In between, our two concerts of ‘Carols in the Cathedral’ in December once again brought the joy of Christmas music, with renowned soprano Amy Carson as special guest while Stephen Tanner, our associate director of music, complemented the singing with superb playing on the Cathedral organ. Finally, our summer concert in May was combined with a workshop exploring Sir Karl Jenkins’ choral classic, The Armed Man. The day ended with a moving performance of the work, enhanced by guest musicians on keyboard, trumpet, cello and percussion.

Other musical highlights
During the coronavirus restrictions of March 2020 to May 2021, members met virtually on Zoom and, when permitted, rehearsed together in the open air until ‘normal’ rehearsals resumed officially in September 2021. Returning, with much relief, to Exeter Cathedral in November 2021 for the start of the choir’s 175th season, we performed Fauré’s poignant Requiem, and in December sang our customary two nights of Carols in the Cathedral, with Isca Voices as guests. In March 2022 the London Mozart Players joined us in Exeter Cathedral for Brahms’ monumental Ein deutsches Requiem.

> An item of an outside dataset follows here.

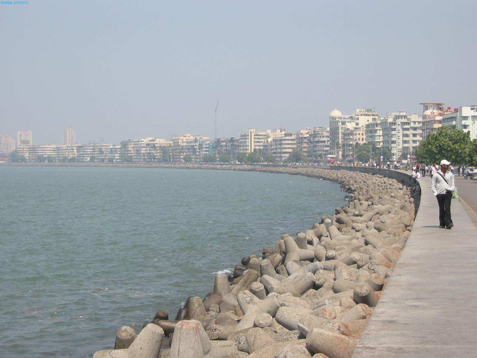 Concrete "caltrops" defend the seafront from erosion at Mumbai.

Our 2019/20 season had begun in October 2019 with English and American music at Holy Trinity Church, Exmouth, followed by the two carol concerts in Exeter Cathedral featuring Winchester College Quiristers and Chaconne Brass. On March 2020 we returned to the Cathedral to perform Beethoven Missa Solemnis, accompanied by the English Chamber Orchestra – just one week before the start of the nationwide lockdown.

Looking further back to more normal times, the choir’s 2018/19 season included a debut appearance in Exeter’s Northcott Theatre in June 2019, performing Rossini Petite Messe solennelle and Brahms Liebeslieder-Walzer. Exeter Cathedral was the venue in March 2019 for a performance of Haydn Creation with the London Mozart Players, and also in November 2018 for Bruckner Mass in E minor and John Rutter Requiem.

Howard Ionascu was appointed as the choir’s Director of Music in September 2017. His first season in 2017/18 included a Mozart concert in Exeter Cathedral, featuring the Requiem and Clarinet Concerto, and a concert of French and English music at Buckfast Abbey, accompanied by its superb new Ruffatti organ.

The choir celebrated its 170th anniversary season in 2016/17 with three masterworks in Exeter Cathedral – Handel Messiah, Verdi Requiem and Elgar The Dream of Gerontius, the latter work being chosen by Andrew Millington for his last performance with the choir before his retirement as Director of Music.

Other highlights of recent years included a nautical-themed concert in March 2016 in Exeter Cathedral. This featured Vaughan Williams A Sea Symphony, together with the first performance of Andrew Millington’s new work, The Seafarer, based on an Anglo-Saxon poem from the unique 10th-century Exeter Book, housed in Exeter Cathedral’s Library and Archives. In 2012 the choir joined the Scottish National Orchestra and Exeter Cathedral Choir for the first recording of the Lazarus Requiem by contemporary composer Patrick Hawes.